VietNamNet Bridge - Scientists have called for urgent measures to protect the mudflat at the Ca Mau Cape, an area with great potential in ecotourism. The southernmost point in the country is being devastated day by day.
The mudflat of the Ca Mau province is about 34 kilometers in length, covering an area of 10,000 hectares. The area was formed by two different tidal regimes of the East and West Sea and the currents of the two big rivers Bay Hap and Cua Lon. When the tide receded, it left alluvium, helping extend the mudflat towards the sea by four kilometers.
The mangrove ecosystem in the mudflats plays a very important role in ecological balance. It is the habitat for aquatic creatures and a coastal protective forest that helps ease damage caused by natural calamities.
As the mudflat is the aquatic creatures’ spawning area, it is a place for thousands of households from many regional provinces to earn their living. However, the unreasonable exploitation of aquatic resources has seriously caused damage to the mudflat ecosystem.
Three years ago, local newspapers reported that 2,000-3,000 people from southern provinces flocked to the mudflat to exploit clams, which caused serious security problems and devastated the local natural ecosystem.
Despite the warnings, the clam exploitation continues. More and more people flock to the area to seek opportunities, using both manual and mechanical instruments, to look for clams.
People not only gather there for four months when clam breeders appear, but all year round, exploiting other aquatic species.
Because of the attractive aquatic resources, many households still live in the coastal protective forest area, which they have been asked to leave.
According to Ngo Minh Toai, chair of Dat Mui Commune People’s Committee, about 300 households are subject to evacuation, but they still live in the area. The conditions in the resettlement areas are not good for living.
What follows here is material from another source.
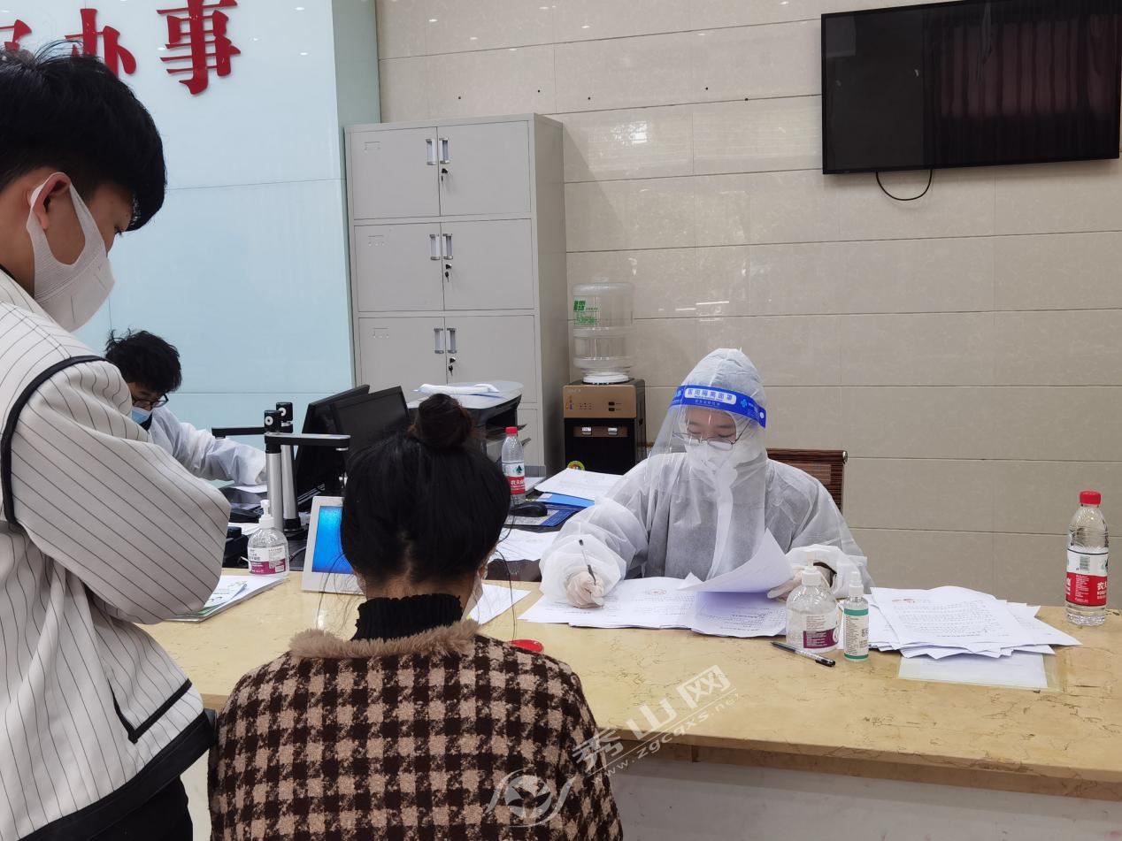 縣稅務局青年志愿者吳泳杭在中和街道辦事處服務大廳為滯流秀山群眾辦理離秀手續。

Not only the mudflat, but the coastal protective forests have also suffered from the locals’ overexploitation.
Tran Ngoc Thao, director of Ngoc Hien Forestry Company, said many locals had secretly entered the forests to fell trees and carry away wood.
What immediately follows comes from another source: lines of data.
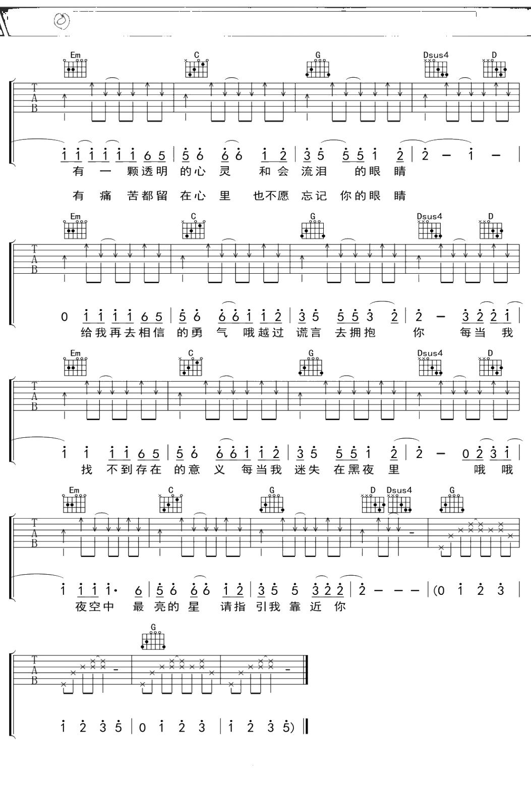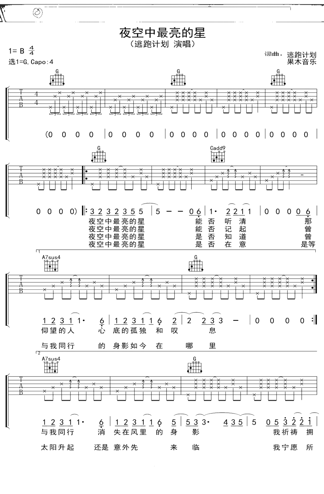 逃跑计划《夜空中最亮的星》吉他谱 G调弹唱六线谱吉他谱
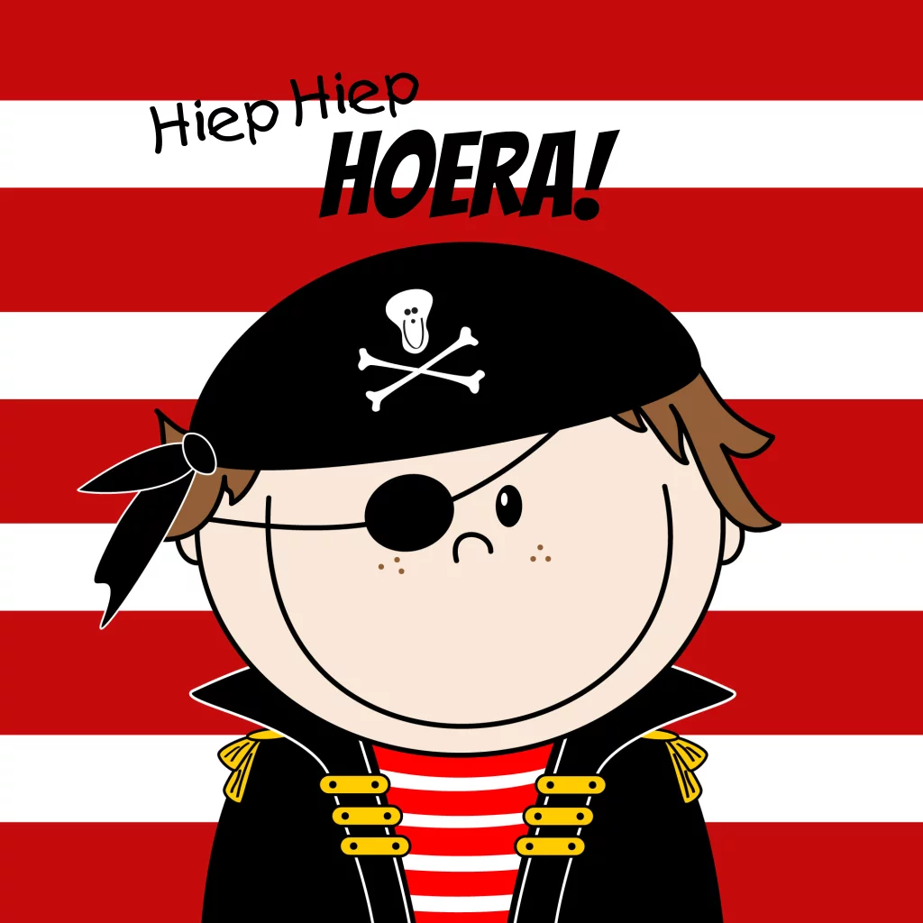 Leuke verjaardagskaart met een illustratie van een schattige, vrolijke piraat.
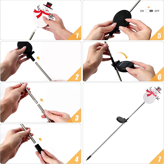 - ASSEMBLE EASILY: Complete with detailed instructions. These solar Xmas pathway makers can be done in a few minutes. Just connect the stainless steel parts and stake into the soft ground where there has direct sunlight. In stormy weather, please keep the solar lights indoor to avoid damaging the solar panels
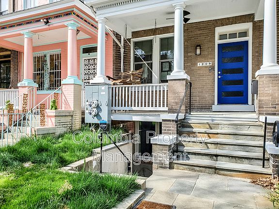 This gorgeous renovation features luxury finishes and quality workmanship throughout. The apartment was designed to add maximum natural light with large windows, high ceilings, LED lighting and exterior doors in both bedrooms. There is outdoor space in both the front of the house and the rear for a small table and chairs or just to hang outside with coffee, reading, or working on a laptop. The open plan kitchen features granite countertops, bar seating on the peninsula, stainless steel appliances, and plenty of cabinet space. A French door, freezer bottom refrigerator is an extra bonus for an apartment! Extra beverage fridge under the bar for quick serving from the living room. Bathrooms have marble vanities and stand up showers with rainfall shower heads. Enjoy an in-unit laundry closet plus the convenience of having both a front and rear entrance. Wonderful details abound in this apartment: touch on/touch off kitchen faucet, light colored wood grain style ceramic tile floors, a sprinkler system for fire suppression, Ring system, floodlights in the front and rear, pre-wired TV and Internet boxes on the walls with power, COAX and CAT6 wiring. You can even shut off the rear of the apartment with a pocket door to create a primary suite. BR sizes are approx. 9x11 and 10x12. Tenant pays electric and telecommunications. Water account will be handled by owner and a regular charge will be assessed based on occupancy and usage. No cats allowed. Small dogs are allowed on a case-by-case basis with pet screening, pet addendum and non-refundable pet fee. 1209 Lamont St NW has a Walk Score of 96 out of 100. This means this location is a Walkers Paradise so daily errands do not require a car. Living here, you will only be an eight minute walk to the Columbia Heights Metrorail Station (Green Line) and close to major bus lines on 11th, 13th and 14th Streets. Nearby parks include 11th and Bark Dog Park, 11th and Monroe Park, Columbia Heights Water Park. Only one half block from the 11th St NW 'Hip Strip' with lots of restaurants and night life options. It's also just a few blocks from everything on 14th St, including the Target, two grocery stores, a gym, cafes, and countless dining options. All residents are enrolled in the Resident Benefits Package (RBP) for an additional $45.95/month and includes: renters insurance, move-in concierge service for utility and home services, air filter delivery to your door, our best-in-class resident rewards program, credit building to help boost your credit score, $1Million policy for identity protection and much more! Details upon application. For a walk-through video and to see our available rentals, visit our website. This rental is professionally managed by Columbia Property Management.
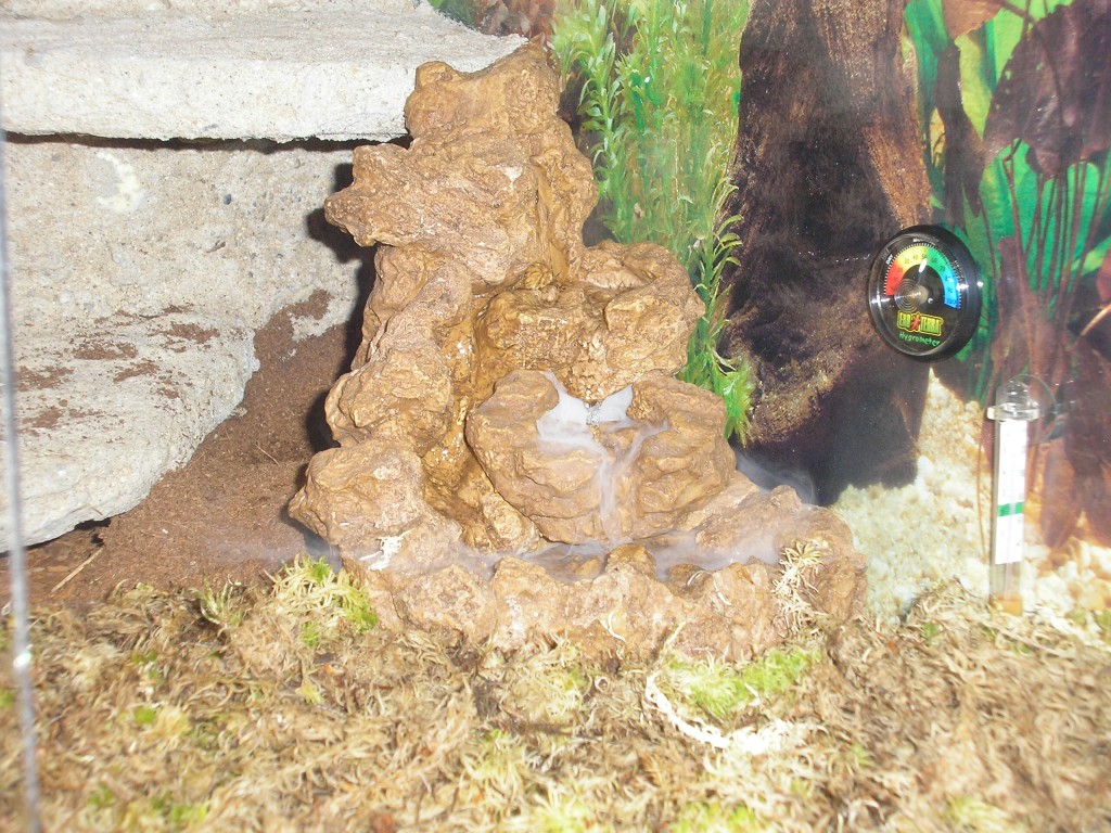 ne mlhovač tam nemám, já mám ten vodopád v tera s chameleonem, mám ho spíš na to, aby se z něj napila sama.A běží 12 hodin, máme ho na spínačkách jako světlo.

The local authorities have organized production models in an effort to help locals earn a living and restrict damages. The Dat Mui Clam Cooperative has been set up to help farmers exploit the mudflat potential in the most effective and sustainable way.
However, poor farmers in the mudflat area do not benefit much from the local authorities’ policy.
Meanwhile, Toai, when asked about the plan to evacuate 300 households from the protective forest area, would only say that it was an important task.